:: Data section ::
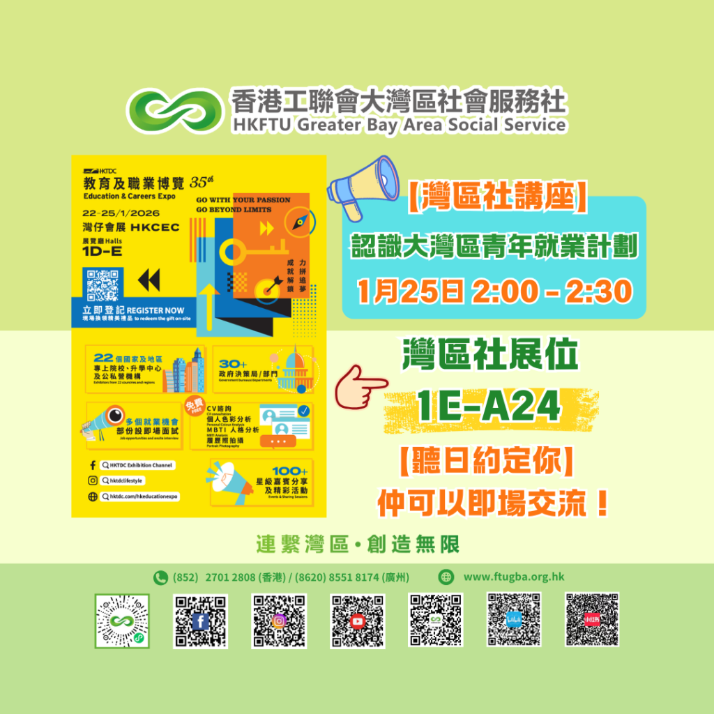 2026年大灣區青年就業計劃已經公布。最新一期計劃會有甚麼變化?如何參與計劃?灣區社會於1月25日在「教育及職業博覽會」職業廣場1D詳細介紹最新計劃安排及支援服務,並分享實用內地就業TIPS!
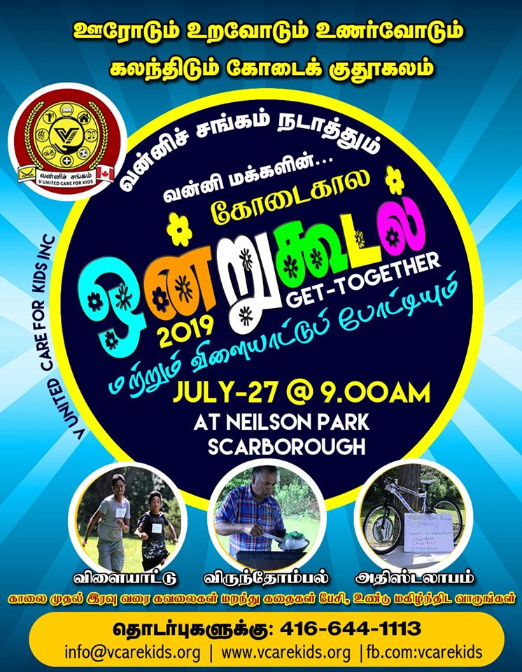 வன்னி மக்களின் வருடாந்த கோடைகால ஒன்றுகூடலும் விளையாட்டுப்போட்டியும் எதிர்வரும் ஜூலை 27 சனிக்கிழமை காலை 9 மணி முதல் முன்னிரவு 8 மணி வரையிலும் நடைபெற உள்ளது. வழமைபோல் காலை மதியம் இரவு உணவுகளுடன் உணர்வுகளை உணர்வுகளைப் பகிர்ந்து ஊரின் நினைவுகளை மீட்டிட வாருங்கள்
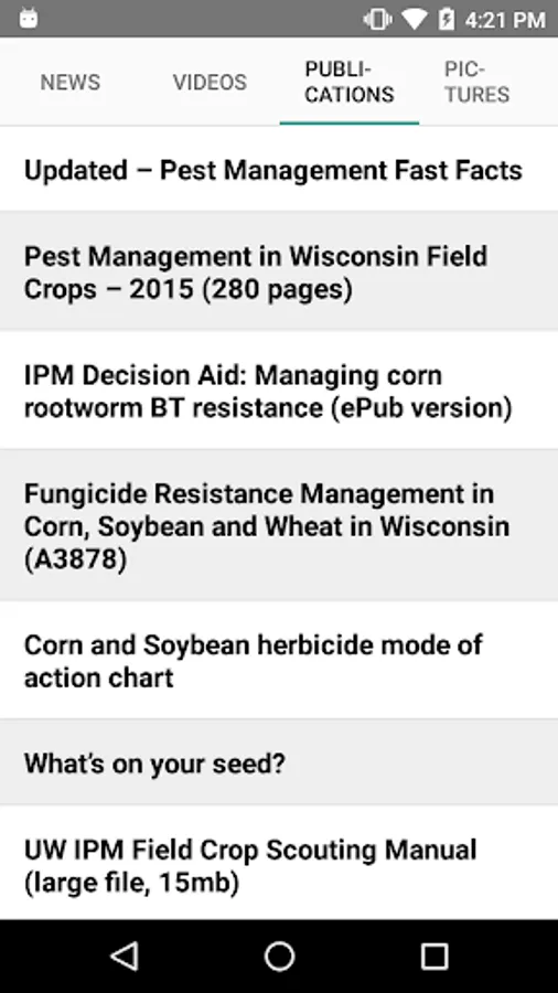 This app allows you to read news articles, view videos, download publications, and access pictures which will aid you in adapting Integrated Pest Management (IPM) practices to your agricultural operation.

:: Work to be completed ::
Return all the material exactly, skipping pictures.

:: Response to this exercise ::
 2026年大灣區青年就業計劃已經公布。最新一期計劃會有甚麼變化?如何參與計劃?灣區社會於1月25日在「教育及職業博覽會」職業廣場1D詳細介紹最新計劃安排及支援服務,並分享實用內地就業TIPS!
 வன்னி மக்களின் வருடாந்த கோடைகால ஒன்றுகூடலும் விளையாட்டுப்போட்டியும் எதிர்வரும் ஜூலை 27 சனிக்கிழமை காலை 9 மணி முதல் முன்னிரவு 8 மணி வரையிலும் நடைபெற உள்ளது. வழமைபோல் காலை மதியம் இரவு உணவுகளுடன் உணர்வுகளை உணர்வுகளைப் பகிர்ந்து ஊரின் நினைவுகளை மீட்டிட வாருங்கள்
 This app allows you to read news articles, view videos, download publications, and access pictures which will aid you in adapting Integrated Pest Management (IPM) practices to your agricultural operation.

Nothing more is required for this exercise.